The Magic Of Credit Cards (and The Senate Bill That Reveals The Tricks)
Edward Yingling may not look like your typical magician. An older gentlemen with a serious face, it is hard to imagine him with a top hat, cape, and fake flowers. But while he may not be able to pull a rabbit out of his hat, he’s the primary lobbyist for an industry that is remarkably good at making peoples’ money disappear. And after being quoted in a recent New York Times article, he is certainly in the spotlight.

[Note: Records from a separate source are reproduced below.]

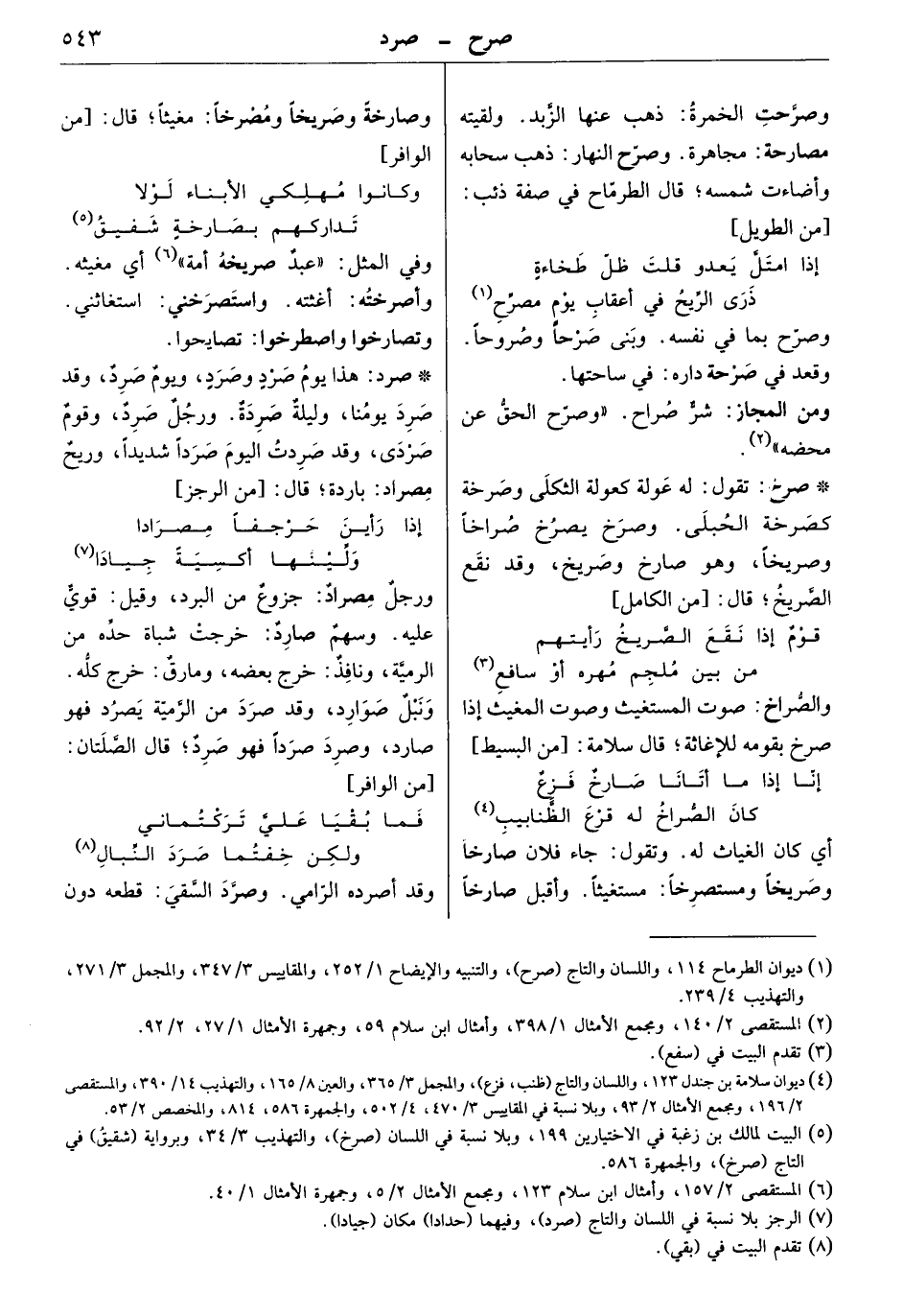 وصرحت الخمرة: ذهب عنها الزبد. ولقيته مصارحة: مجاهرة. وصرح النهار: ذهب سحابه وأضاءت شمسه. قال الطرماح في صفة ذئب:
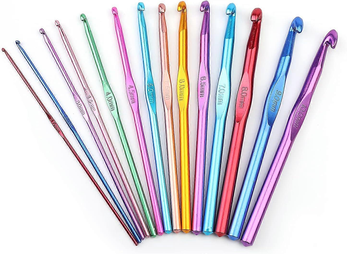 Crochet Hook Set, 14 Sizes Multicolor Aluminum Handle Crochet Hook, Colorful Ergonomic Handle Extra Long Crochet Needles for Crochet, Knitting Yarn (
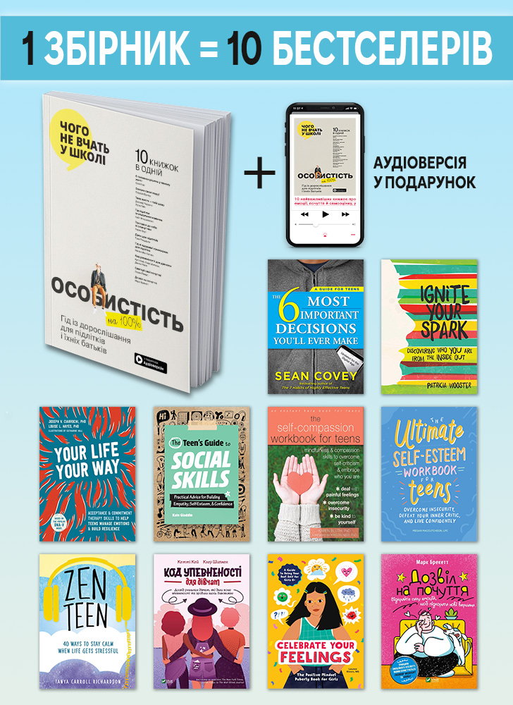 Підлітковий вік — це час рішень, що визначають усе майбутнє. Як допомогти дитині знайти себе, навчитися керувати емоціями та впевнено крокувати в доросле життя? Збірник самарі «Особистість на 100%» об’єднує десять світових бестселерів, які навчають підлітків відповідальності, емоційній грамотності, соціальним навичкам і впевненості у собі. Підлітковий вік — складний, але надзвичайно важливий період у житті кожної людини. За кілька років юна особистість має визначити, хто вона, у що вірить, чого прагне і як хоче будувати своє життя.
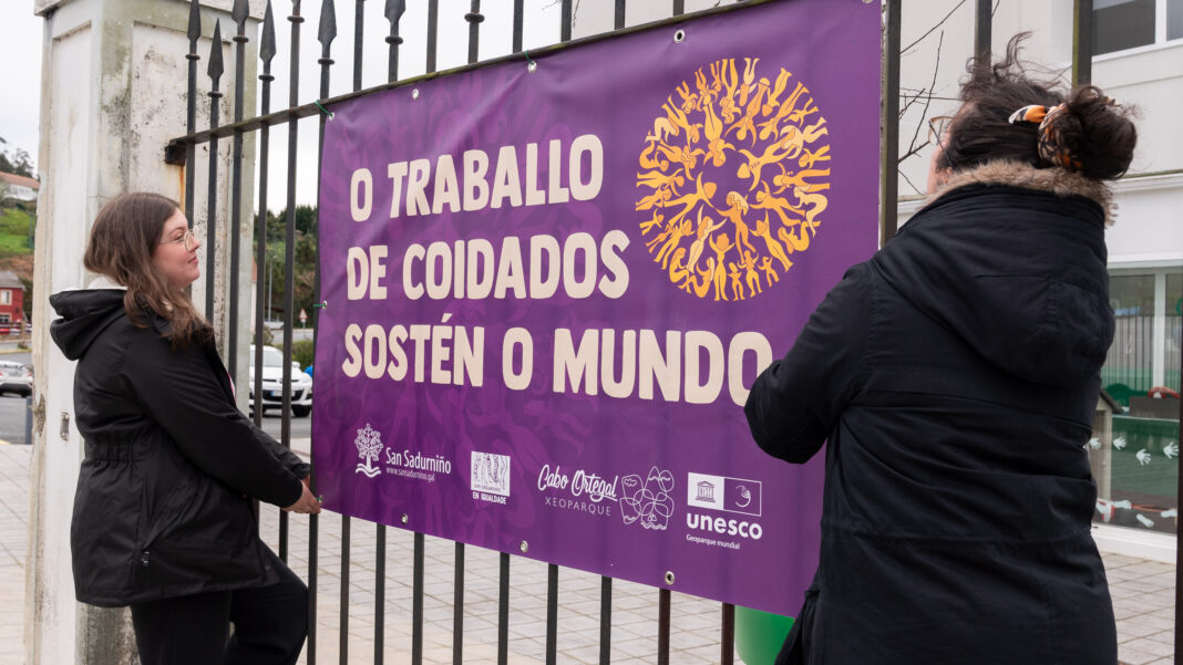 O Concello de San Sadurniño únese á celebración do 8M, Día Internacional da Muller, cunha serie de actividades que xa comezaron o luns coa apertura da exposición de acuarelas de Saila Chao e que continuaron hoxe co pendurado de mandilóns no enreixado da casa consistorial, onde tamén quedou colgado o lema das actividades deste ano: “O traballo de coidados sostén o mundo”

The comments that have put Yingling on center stage were made in reaction to the passing of the Credit Card Reform bill, which has the potential to outlaw some of the tricks credit card companies have used to cheat money from their customers. As CEO of the American Banking Association, Yingling is the chief lobbyist in Washington for banks, and the most vocal mouthpiece for the banking industries response to a bill that is meant to limit the ability of credit card companies to use deceptive practices.
Like a magician who believes that a good trick should never be explained, Yingling seems to be arguing that if credit card companies reveal the methods they use to keep people in debt, things like small print and hidden charges, the illusion that lets credit card companies make massive profits will be ruined and the industry right along with it. The big “Ta-Dah” of this magic trick? Yingling says that the real losers in all of this will be those of us who use our credit cards responsibly: “It will be a different business,” he told the New York Times. “Those that manage their credit well will in some degree subsidize those that have credit problems.”
Speaking as a responsible card user, I’m not so sure I mind the end of this particular magic show. Those people I am supposedly “subsidizing” because I have good credit are mainly the people that the credit card company has already sawed in half. After all, they wouldn’t have credit problems if the credit industry hadn’t invited them onstage by promising to show them a good time, then proceeded to introduce them to the business side of a dull knife.
In some ways, Yingling’s statement is an odd one for a professional trickster to make. He seems to be suggesting that credit card companies are the greatest possible meritocracy, and that only the stupid will end up with credit problems. He now threatens those who “haven’t been foolish” that they will pay for those who are.
This seems strangely out of touch with reality. After all, even after adjusting for inflation, credit card companies managed to grow the debt industry from a mean of $3,000 dollars of credit card debt per family in 1989 into an average of $7,300 of family credit card debt in 2007. So either Yingling believes that the vast majority of Americans are simpletons that deserve to have bad credit, or he admits that the tricks that his industry used to create the credit illusion were so good that even the wise were duped.
The tricks that the Senate bill will no longer allow into the act seem fairly basic. If passed into law, credit card companies will no longer by allowed to simply change the rate on existing debt, unless the account is seriously delinquent. They won’t be able to apply payments to new charges first, change terms without notifying customers well in advance, or charge over-limit fees without asking. In short, some of the more obvious and blatant tricks will have been cut out of the magic show. But they can still charge up to 30% interest, levy any number of fees, and change rates regularly as long as they don’t change them in the first six months of your account.
But for Yingling, the magic may simply be gone. After all, he represents an industry for whom the primary result of the magic show is a metric for success that most people have never heard of: Shareholder Value Added. SVA is a measurement that is primarily designed to guarantee that stock holders make money. And since 80% of stocks are owned by the top 20% of the richest people in the United States, SVA basically means that credit card companies believe that the good tricks are defined by how much more money they make for rich people. The audience, those most injured by the tricks, are notoriously absent: the metric is not number of people served, or problems solved, or financial services rendered.
The New York Times interview is not the first that Yingling has revealed the secrets behind the credit card illusion. In a 2004 interview with PBS, he confirmed that the best customers credit card companies have are the ones that get in debt and stay in debt, referring to them as “the sweet spot,”and noted that only a lawyer would actually read the contract that is sent to someone with their credit card. And even if they did, he continues, it “would be very hard for a lot of people to understand.”
So what will happen to the credit card industry if Congress deprives them of some of their old tricks? By noting that revealing the source of the illusion will forever change the face of the industry, Yingling admits that these tricks are what the credit card industry was built on. Credit card companies needed people to be fooled in order to continue to increase the SVA and rake in massive profits.
Arguably, however, if showing the fine print breaks your business, your business was already broken. Long before Congress even considered the current credit card reform bill, Yingling himself noted that “it would be shortsighted for a credit card company to have fees that would make somebody angry, because they’re likely to lose that customer.” Now that the tricks are slowly being revealed, it may be that the credit card industry has to face the ultimate test of a magician: with the illusion revealed and the show over, what will they do to keep the audience entertained?